Ingredients:

  • 1 large head Iceberg lettuce (approx. 600g)
  • 1/2 cup (120ml) sour cream
  • 1/4 cup (60ml) mayonnaise
  • 1/4 cup (60ml) full-fat buttermilk
  • 1 tsp (5ml) fresh lemon juice
  • 1/2 tsp (2.5g) garlic powder
  • 4 oz (115g) blue cheese crumbles
  • 6 slices (150g) thick-cut bacon
  • 1 cup (150g) cherry tomatoes, quartered
  • 1/4 cup (10g) fresh chives, minced
  • Fine sea salt to taste
  • Cracked black pepper to taste

Instructions:

  1. Render the bacon. Place 6 slices of thick cut bacon in a cold skillet and turn to medium heat. Note: Starting in a cold pan helps the fat render out slowly for maximum crispness.

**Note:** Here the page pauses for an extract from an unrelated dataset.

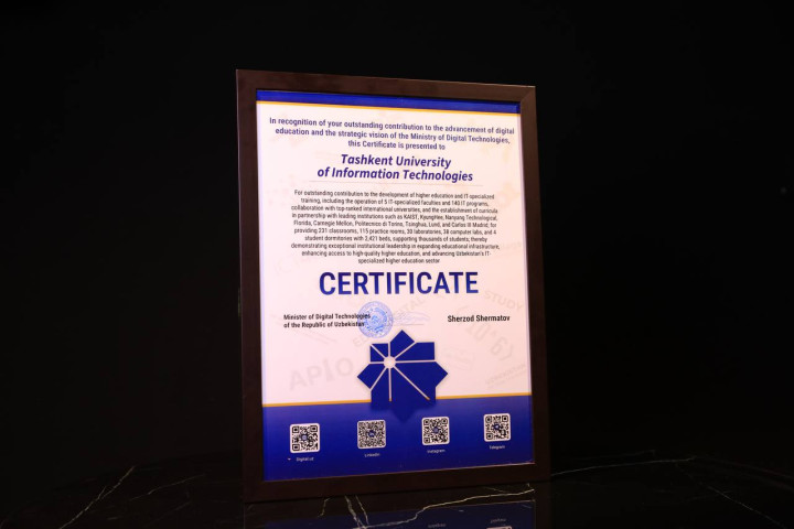 Пользуясь случаем, коллектив ТУИТ выражает искреннюю благодарность Министру цифровых технологий Республики Узбекистан Шерзоду Шерматову за постоянную поддержку и внимание.

  2. Dry the bacon. Remove the bacon once it is dark brown and crisp, then place on paper towels. Wait until it's cool before crumbling to ensure it stays crunchy.

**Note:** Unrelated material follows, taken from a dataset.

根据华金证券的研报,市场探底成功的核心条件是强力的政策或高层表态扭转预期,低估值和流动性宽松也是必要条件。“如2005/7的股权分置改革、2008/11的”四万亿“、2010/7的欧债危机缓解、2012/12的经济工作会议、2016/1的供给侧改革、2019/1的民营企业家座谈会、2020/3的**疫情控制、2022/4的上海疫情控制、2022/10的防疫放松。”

  3. Whisk the base. In a medium bowl, combine 1/2 cup sour cream, 1/4 cup mayonnaise, and 1/4 cup buttermilk. Whisk until the mixture is smooth and velvety.

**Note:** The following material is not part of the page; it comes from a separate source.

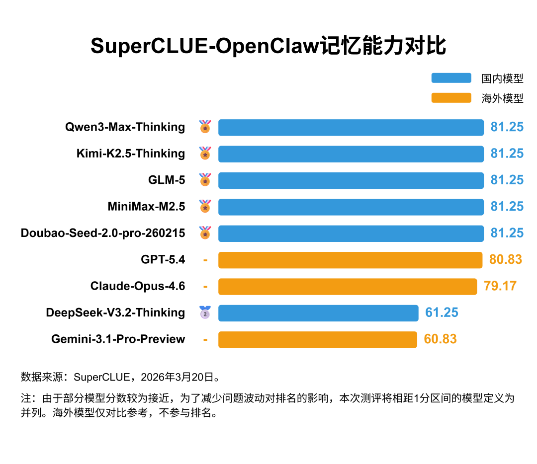 (1)国内模型记忆能力全面登顶。国产头部模型Qwen3-Max-Thinking、Kimi-K2.5-Thinking、GLM-5、MiniMax-M2.5、Doubao-Seed-2.0-pro均获得81.25分,在OpenClaw记忆能力评测中形成"第一梯队"并列领先,整体略胜海外主流模型。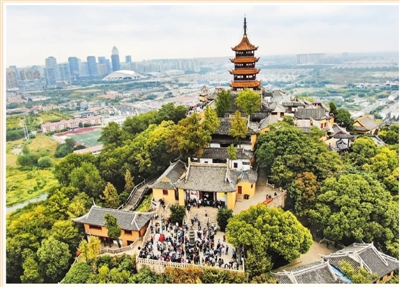10月14日,來自納米比亞、孟加拉國、印度等13個國家的30多位外國友人在江蘇南通與狼山鎮(zhèn)街道20多位花甲老人一起佩戴茱萸香囊登狼山覽景。許叢軍攝(人民視覺)

  4. Season the dressing. Stir in 1 tsp lemon juice, 1/2 tsp garlic powder, and half of the blue cheese crumbles. Add salt and pepper. Note: Mashing some blue cheese into the dressing adds depth.
  5. Prep the lettuce. Remove any wilted outer leaves from the iceberg head. Cut the head into four equal wedges through the core.
  6. Wash and dry. Quickly rinse the wedges under cold water, making sure to let them drain upside down on a towel. Water is the enemy of dressing adhesion, so get them bone dry.
  7. Apply the foundation. Place each wedge on a chilled plate. Spoon a generous amount of dressing over the top, letting it fall into the cracks.
  8. Layer the toppings. Sprinkle the quartered cherry tomatoes and the crumbled bacon over the dressing.
  9. Finish with aromatics. Add the remaining blue cheese crumbles and the minced chives.
  10. Final seasoning. Give each plate a final crack of fresh black pepper. Serve immediately while the lettuce is at its coldest.